Nobody Seems to Care About Williams Companies’ $497 Million Accounting Error

By | May 2, 2012

Bloomberg's Jonathan Weil likes digging through dirty laundry. If you're an auditor, the PCAOB, a TBTF bank or in today's case, a natural gas producer, playing games that just so happen to cross his radar and it insults his intelligence, you can expect JW to open up your ringer of dirty undies for all of us to see. Today, Williams Companies of Tulsa, Oklahoma gets the pleasure:

One telltale sign of a bull market is that investors don't care as much about dodgy corporate accounting practices. A case in point: the public reaction — or lack thereof — to a financial restatement disclosed late yesterday afternoon by Williams Cos., the natural-gas producer. Williams didn't issue a press release about the restatement.
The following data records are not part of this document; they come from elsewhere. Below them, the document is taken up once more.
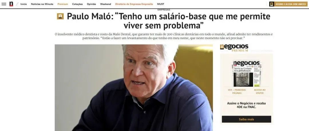 Paulo Maló 自 10 月 4 日以来一直资不抵债。葡萄牙语报道:Paulo Maló: “Tenho um salário-base que me permite viver sem problema”O insolvente médico dentista e rosto da Malo Dental, que garante ter mais de 200 clínicas dentárias em todo o mundo, afinal admite ter rendimentos e património. “Estão a fazer um levantamento do que tenho em meu nome, que neste momento não sei precisar.”...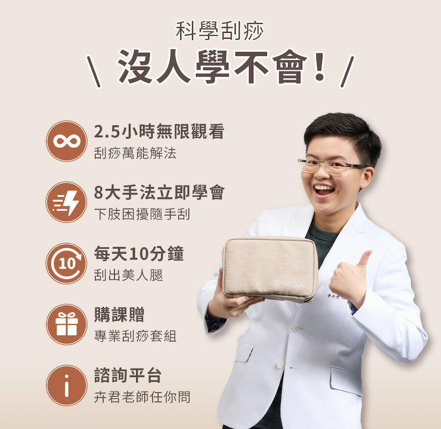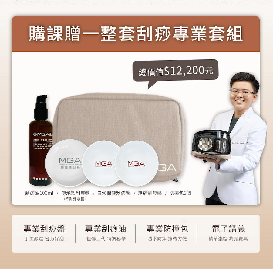 2.購課附贈:傳承刮痧盤+日常保健刮痧盤+無痛刮痧盤+100ml刮痧油+刮痧專業防撞包+電子講義(總價值$12,200)
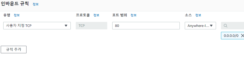"보안 그룹" -> "보안 그룹 생성"을 클릭합니다. 필요한 보안 그룹은 두 개입니다. 하나는 alb에서 유저들이 접속할 수 있는 80포트를 전체에 열어주고, alb에서 fargate task의 8000번으로 접속하는 두 가지 입니다. fargate task에 설정할 방화벽에서 source는 vpc의 CIRD를 입력해야 합니다.

As far as I can tell, there have been no news reports about the company's accounting errors, which Williams divulged in a filing with the Securities and Exchange Commission. They aren't a small matter, though. As a result of the restatement, Williams said its shareholder equity fell $497 million, or 28 percent, to $1.3 billion as of Dec. 31. Additionally, the company said it had "identified a material weakness in internal control over financial reporting," which is never a good sign.
For those keeping score, Ernst & Young is your auditor of record. Anyway, if you check out the filing, it tries very carefully to blow things off at first: 
The accounting correction reflected in the restated financial statements has no impact on our Consolidated Statement of Operations, Consolidated Statement of Cash Flows or previously announced earnings, cash flows and dividend guidance. The restated financial statements reflect an increase to our noncurrent deferred income tax liability and a corresponding decrease to capital in excess of par value for all periods presented. This increase to our deferred income tax liability would only result in a current tax payable if we disposed of our investment interest in Williams Partners L.P. (“WPZ”). Management has stated that it has no intent to dispose of this investment.
Right, then. "[A] corresponding decrease to capital in excess of par value for all periods presented," sounds relatively harmless but later on things are little less euphemistic:
Though the accounting correction had no impact on our Consolidated Statement of Operations or Consolidated Statement of Cash Flows, the error was material to the Consolidated Balance Sheet and Consolidated Statement of Changes in Equity.
That's more like it! But hey, if that none of this bothers anyone – and judging by the markets, it doesn't – carry on.